[Records from a dataset]
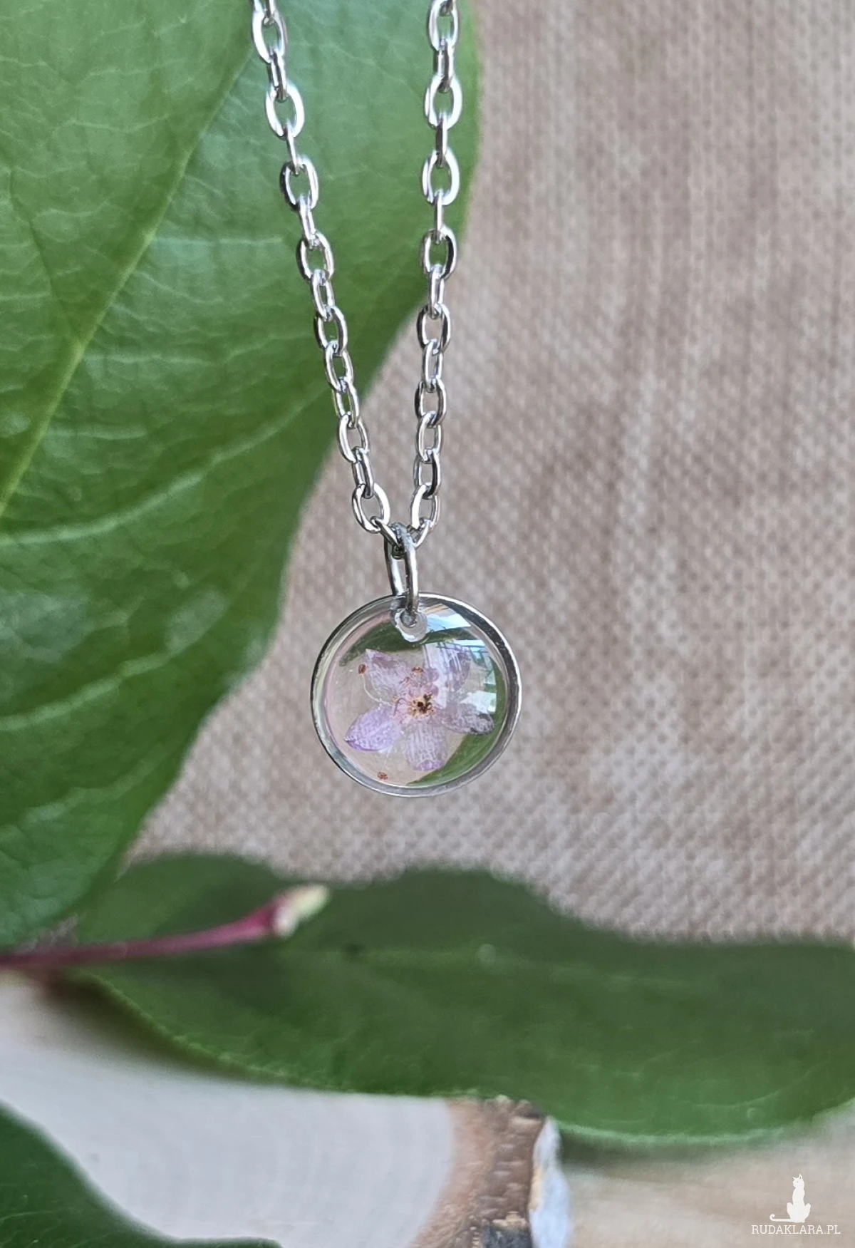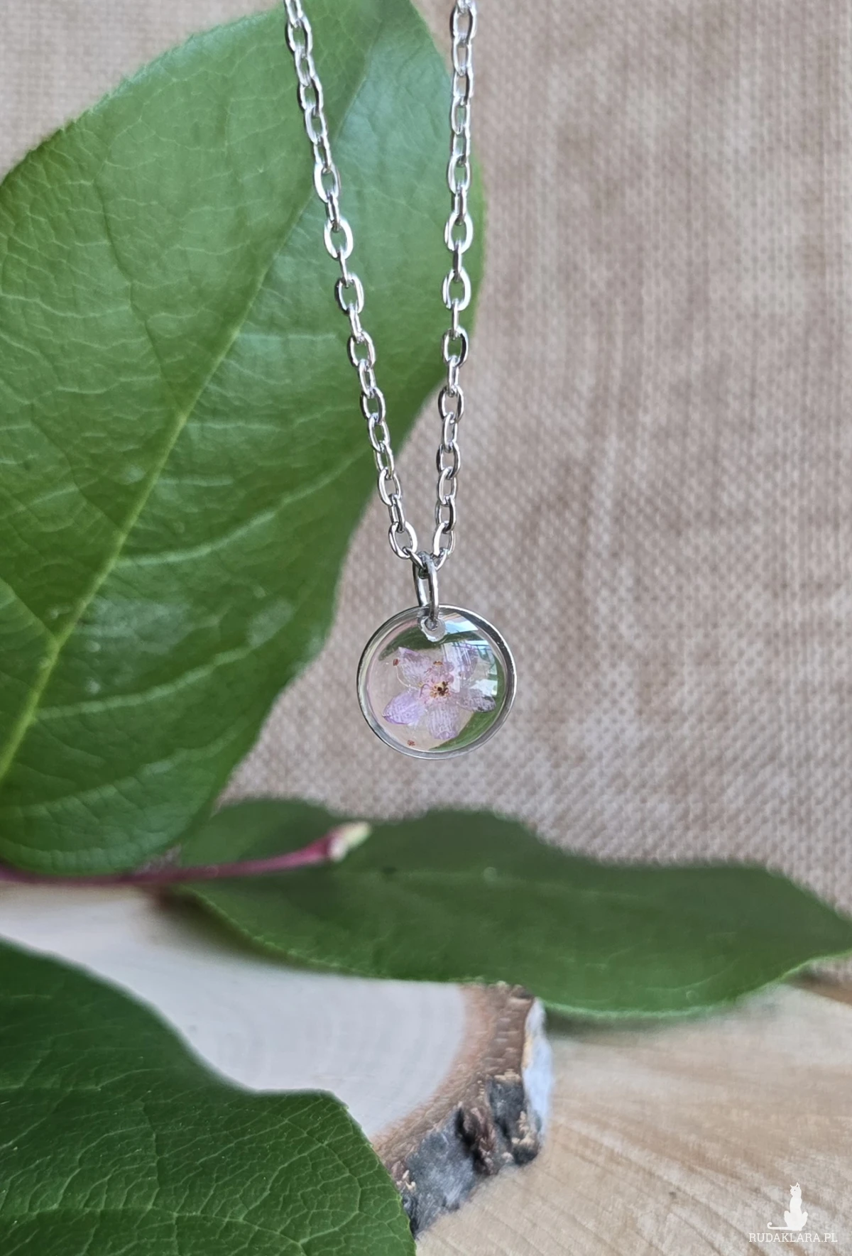 Oferuję Państwu unikalną biżuterię. Zawieszka jest wykonana z suszonych kwiatów i żywicy epoksydowej. Biżuteria jest wspaniałym i oryginalnym prezentem na lata.
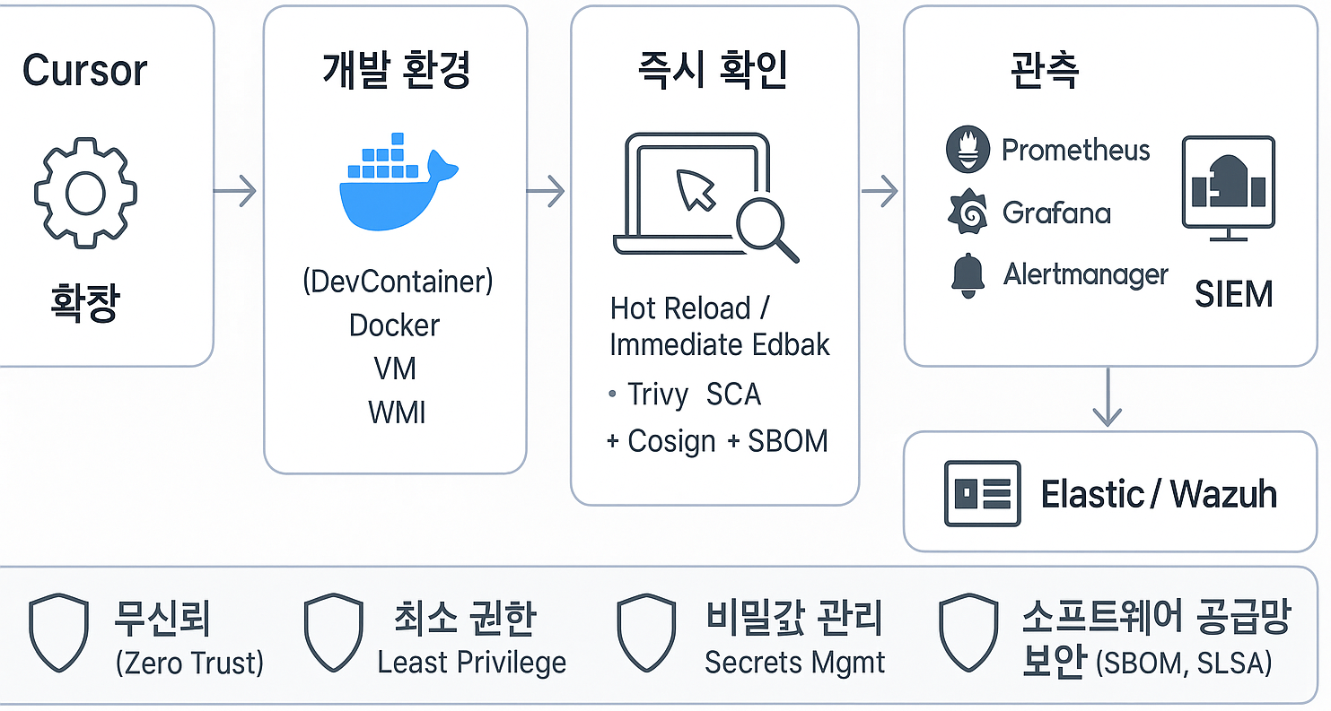 위 구성은 Cursor 확장 추천 → 표준 개발환경(DevContainer/Docker/VM/WMI) → CI/CD·보안 스캔·서명·SBOM → 즉시 확인 → 관측·알림 → SIEM 연동으로 이어지는 현대적 개발·보안 일체화 흐름입니다.
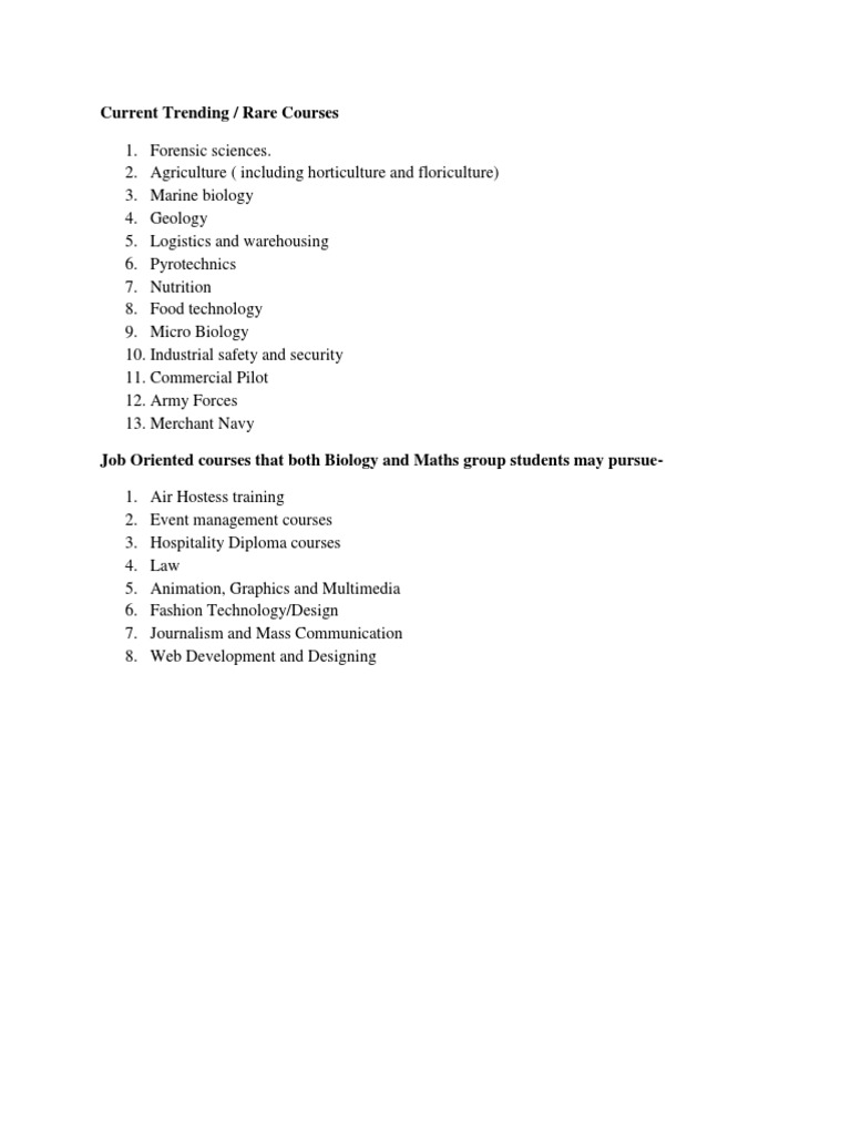 Job Oriented courses that both Biology and Maths group students may pursue-
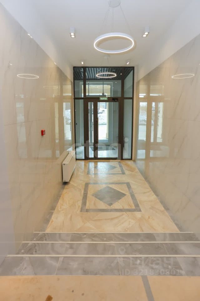 • Стильный подъезд с высокими потолками и отделкой камнем.
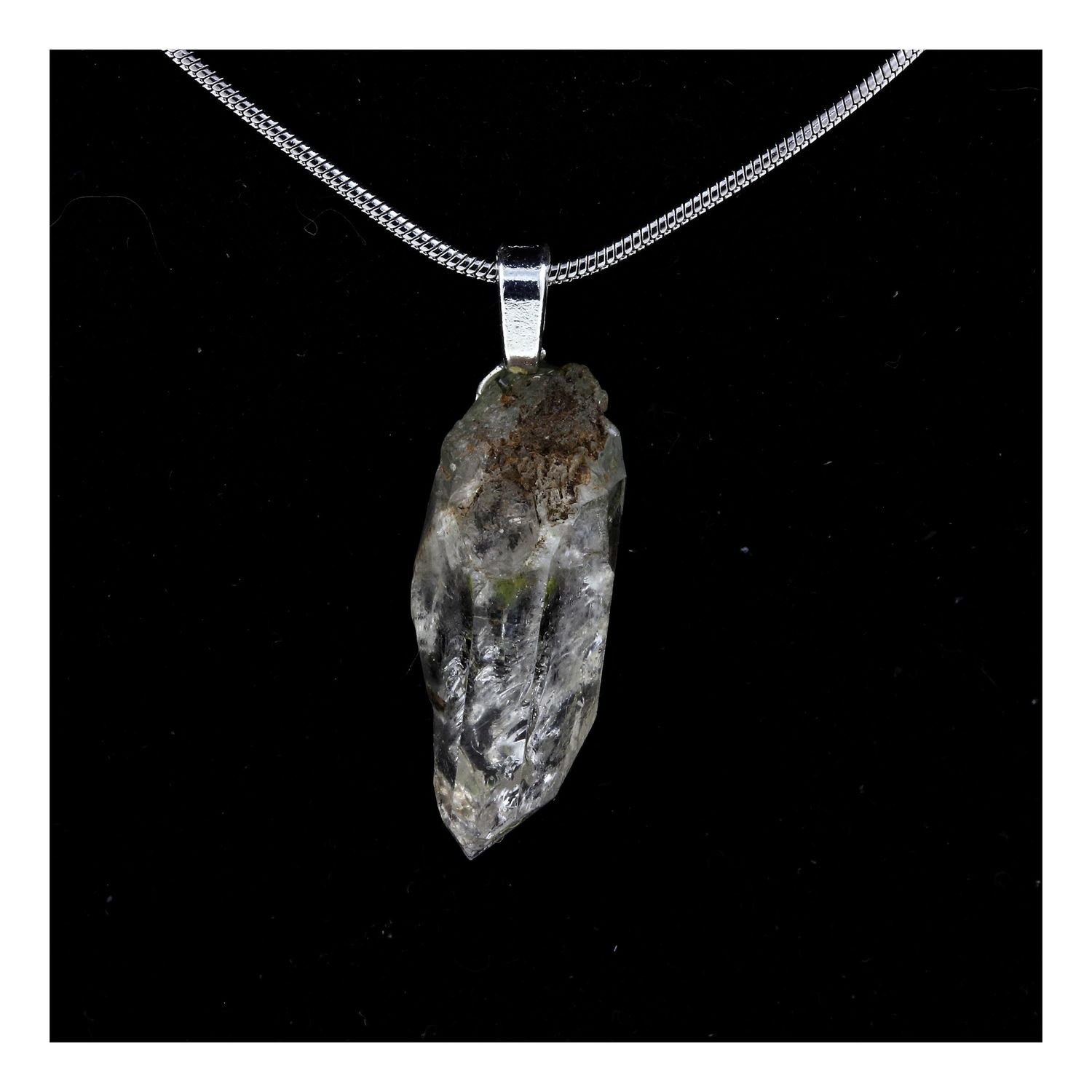 Collier Quartz Diamant à inclusions de pétrole (Fluorescent sous UV) brut + chaine en acier inoxydable longueur 40, 45, 50, 55, 60, 70, 80, 90 cm au choix. Quartz en provenance de Balochistan, Pakistan
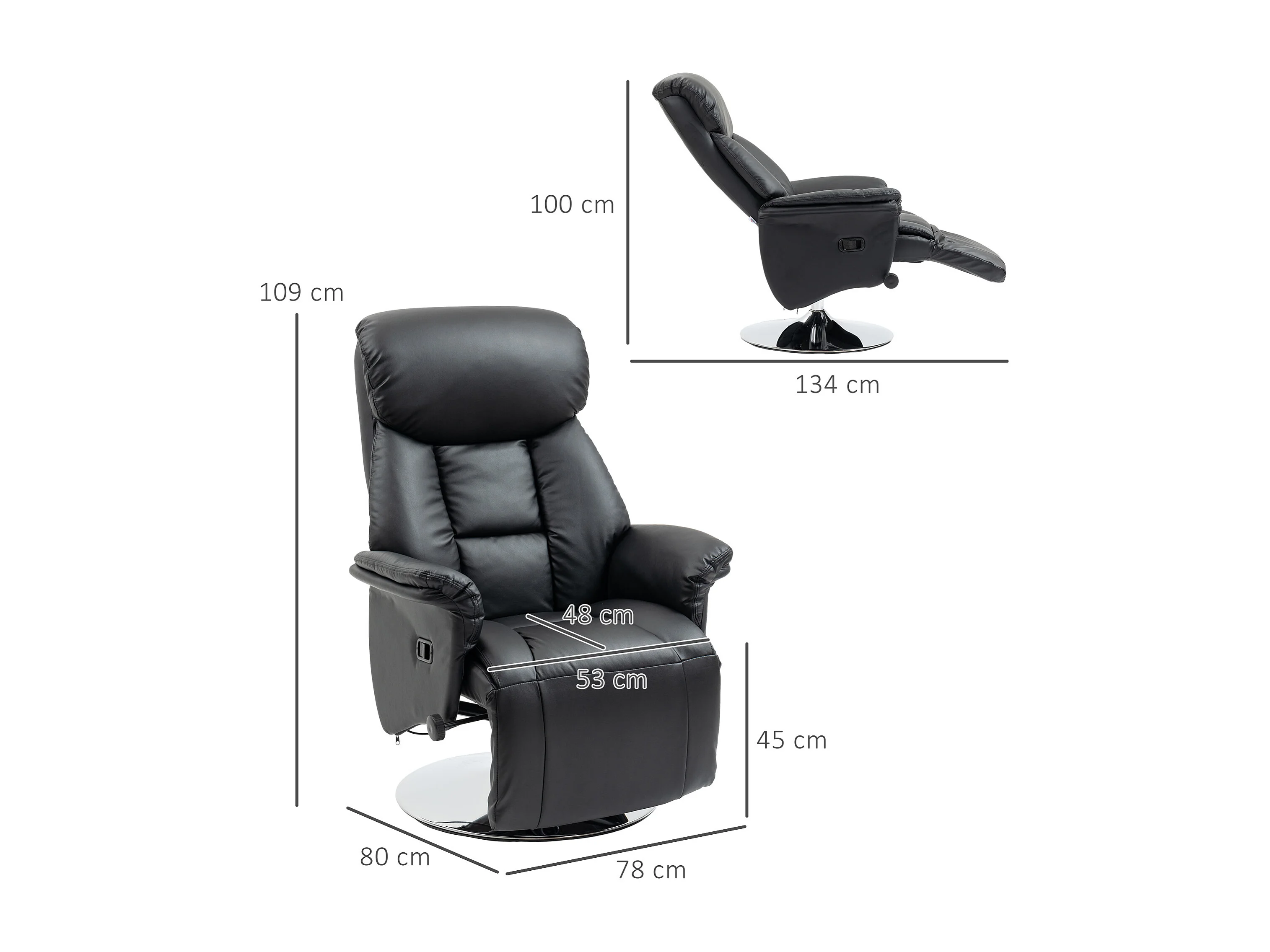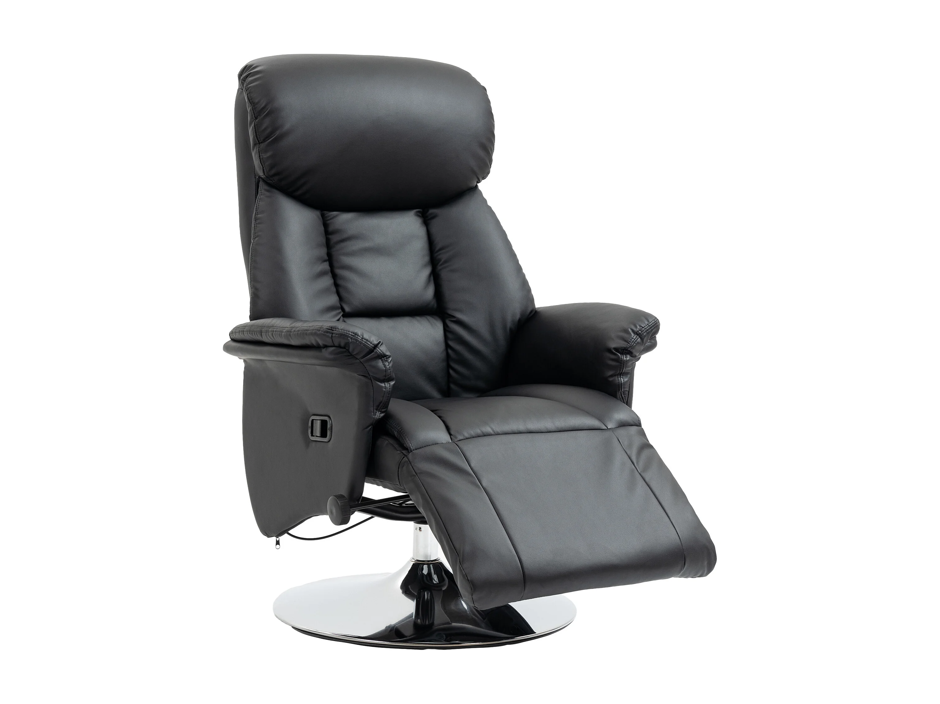 Fauteuil relax inclinable repose-pied réglable pivotant 360° piètement métal chromé revêtement synthétique noir

[Work item] Print out the entries above word for word from the first line to the line containing "위 구성은 Cursor", both included, omitting the pictures.

[Reply to the task]
 Oferuję Państwu unikalną biżuterię. Zawieszka jest wykonana z suszonych kwiatów i żywicy epoksydowej. Biżuteria jest wspaniałym i oryginalnym prezentem na lata.
 위 구성은 Cursor 확장 추천 → 표준 개발환경(DevContainer/Docker/VM/WMI) → CI/CD·보안 스캔·서명·SBOM → 즉시 확인 → 관측·알림 → SIEM 연동으로 이어지는 현대적 개발·보안 일체화 흐름입니다.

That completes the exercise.